### WHAT THIS TASK INVOLVES
The lines from the one containing "東洋新薬では、大麦若葉末など" through the last one in the data: please copy those exactly, and only those, without the pictures.

***** EXCERPTED RECORDS

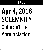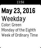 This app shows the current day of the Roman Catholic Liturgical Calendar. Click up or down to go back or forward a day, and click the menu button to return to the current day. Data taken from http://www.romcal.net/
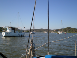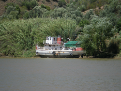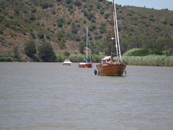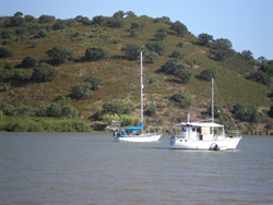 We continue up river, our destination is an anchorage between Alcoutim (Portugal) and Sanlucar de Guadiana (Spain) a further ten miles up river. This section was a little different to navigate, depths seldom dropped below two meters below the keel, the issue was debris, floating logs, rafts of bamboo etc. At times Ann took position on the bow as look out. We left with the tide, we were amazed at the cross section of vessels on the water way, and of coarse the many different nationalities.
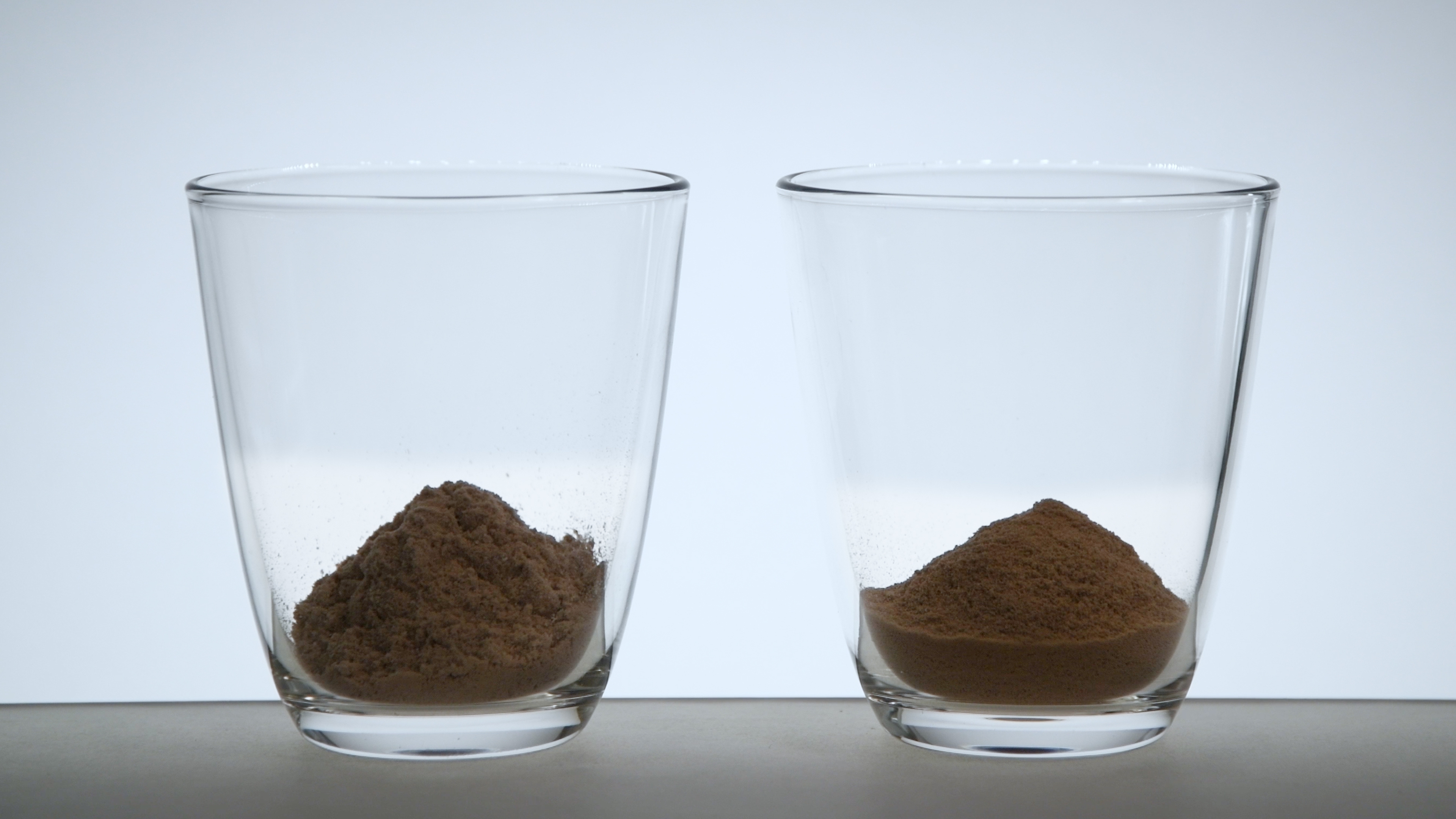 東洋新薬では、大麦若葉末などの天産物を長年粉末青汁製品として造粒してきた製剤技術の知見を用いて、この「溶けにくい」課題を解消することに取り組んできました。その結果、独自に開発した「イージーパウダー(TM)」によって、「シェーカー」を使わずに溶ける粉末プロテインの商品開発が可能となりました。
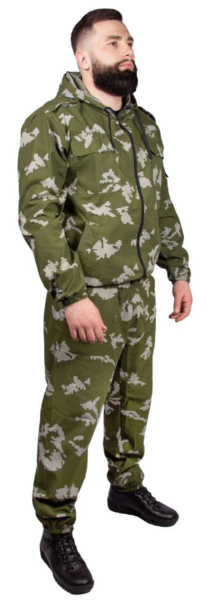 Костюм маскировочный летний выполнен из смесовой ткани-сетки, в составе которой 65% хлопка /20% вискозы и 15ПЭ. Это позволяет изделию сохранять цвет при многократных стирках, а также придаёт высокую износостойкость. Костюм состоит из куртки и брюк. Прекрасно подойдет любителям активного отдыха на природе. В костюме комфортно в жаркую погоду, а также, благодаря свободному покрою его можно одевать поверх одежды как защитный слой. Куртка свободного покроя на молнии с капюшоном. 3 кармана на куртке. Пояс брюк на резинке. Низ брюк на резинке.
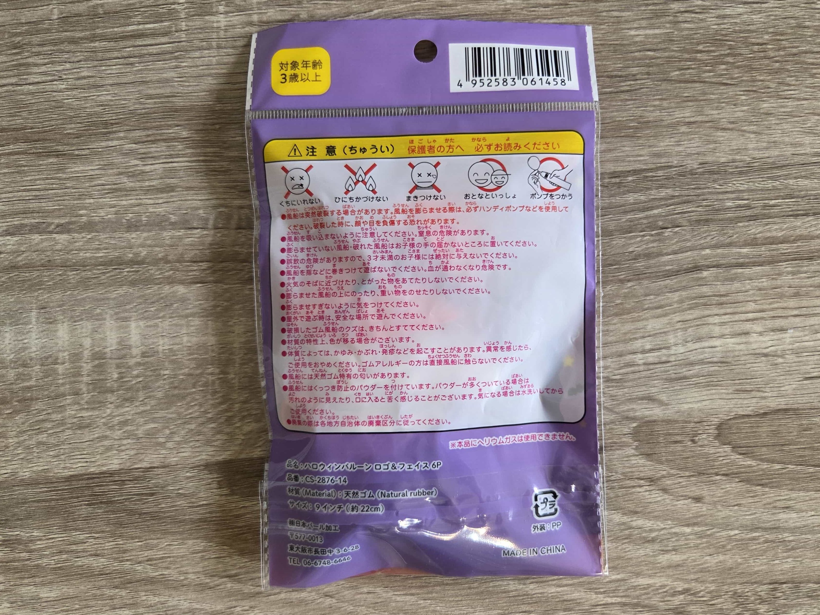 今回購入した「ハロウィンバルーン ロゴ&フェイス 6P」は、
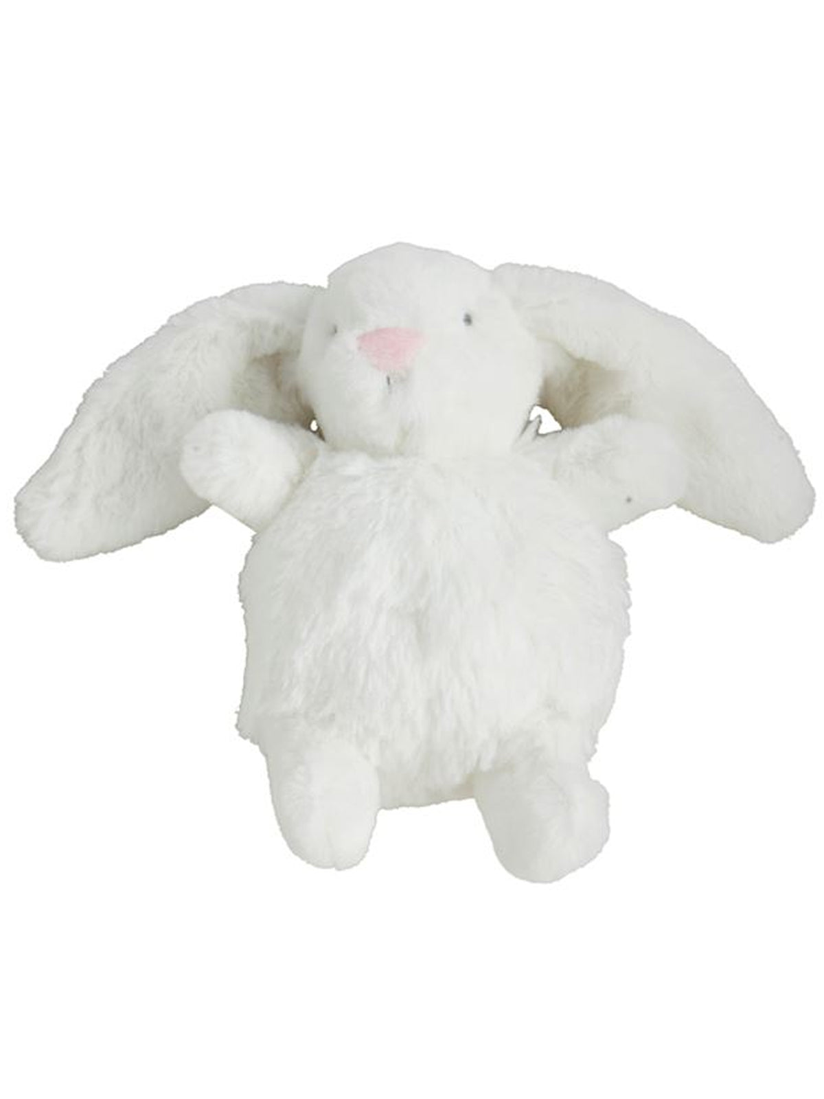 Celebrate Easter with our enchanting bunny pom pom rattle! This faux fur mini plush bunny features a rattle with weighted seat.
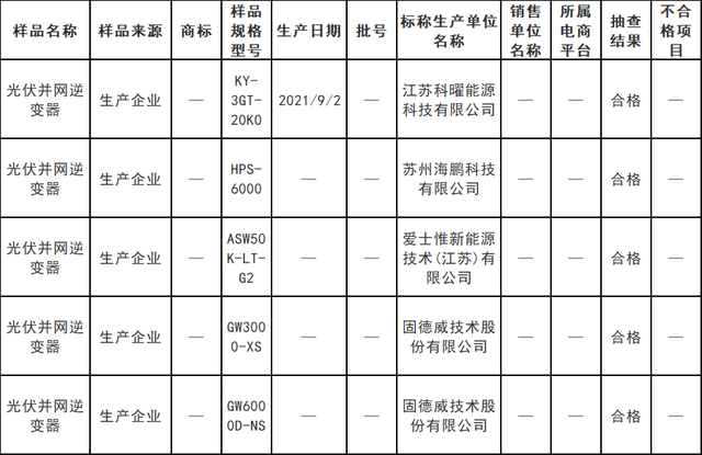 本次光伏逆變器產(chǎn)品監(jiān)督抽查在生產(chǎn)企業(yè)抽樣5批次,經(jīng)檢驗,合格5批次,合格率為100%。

**********

### RESULT FOR THIS TASK
 東洋新薬では、大麦若葉末などの天産物を長年粉末青汁製品として造粒してきた製剤技術の知見を用いて、この「溶けにくい」課題を解消することに取り組んできました。その結果、独自に開発した「イージーパウダー(TM)」によって、「シェーカー」を使わずに溶ける粉末プロテインの商品開発が可能となりました。
 Костюм маскировочный летний выполнен из смесовой ткани-сетки, в составе которой 65% хлопка /20% вискозы и 15ПЭ. Это позволяет изделию сохранять цвет при многократных стирках, а также придаёт высокую износостойкость. Костюм состоит из куртки и брюк. Прекрасно подойдет любителям активного отдыха на природе. В костюме комфортно в жаркую погоду, а также, благодаря свободному покрою его можно одевать поверх одежды как защитный слой. Куртка свободного покроя на молнии с капюшоном. 3 кармана на куртке. Пояс брюк на резинке. Низ брюк на резинке.
 今回購入した「ハロウィンバルーン ロゴ&フェイス 6P」は、
 Celebrate Easter with our enchanting bunny pom pom rattle! This faux fur mini plush bunny features a rattle with weighted seat.
 本次光伏逆變器產(chǎn)品監(jiān)督抽查在生產(chǎn)企業(yè)抽樣5批次,經(jīng)檢驗,合格5批次,合格率為100%。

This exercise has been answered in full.